The atoms in nuclear fission fuel are uranium or plutonium or (in some experiments) thorium. All solid metals at room temperature. The fuel in commercial nuclear power stations usually is in the form of ceramic pellets made from oxides of uranium and plutonium. Those remain solid even when red hot.
Nuclear fusion uses extreme temperatures (millions of degrees) and immense pressures to force lightweight atoms (usually different isotopes of hydrogen) to combine with one another, again releasing energy. Nuclear fusion occurs in the sun and in nuclear weapons, and controlled nuclear fusion has been achieved in laboratories, but only on a very small scale. Nobody has yet solved the problem of how to build a container for the incredible temperatures and pressures that (as far as we know) would have to be maintained in reactor core of a commercial fusion power plant.

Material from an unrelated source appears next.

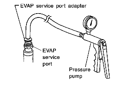 3. Pressurize the EVAP line using pressure pump with 1.3 to 2.7 kPa (10 to 20 mmHg, 0.39 to 0.79 inHg), then remove pump and EVAP service port adapter.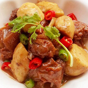 6、約40分鐘后,鴨肉已燜透了,此時(shí)把削皮切塊的芋仔放入,繼續(xù)燜至芋仔熟透。

Current research focuses on two different methods. Magnetic containment would use powerful magnetic fields to continuously confine and squeeze a high temperature plasma of fusion fuel. Inertial containment uses pulses of light from powerful lasers to heat and compress pellets of fuel, one at a time. Both kinds of reactor have been built and tested, but so far, they both require more energy to operate than they produce.
July 20th, 2010 at 8:11 pm
Fusion really only happens in nuclear bombs called Hydrogen Bombs, or H-bombs. These weapons actually use nuclear fission to start a fusion reaction between Hydrogen and Lithium.
On the other hand nuclear reactors currently in use just operate on fission, or the splitting of atoms giving off heat, Nazi nuclear scientists actually referred to this process during WW2 as Uranium burners, or Uranium furnaces, although a nuclear reactor can use other fission “fuel” besides Uranium.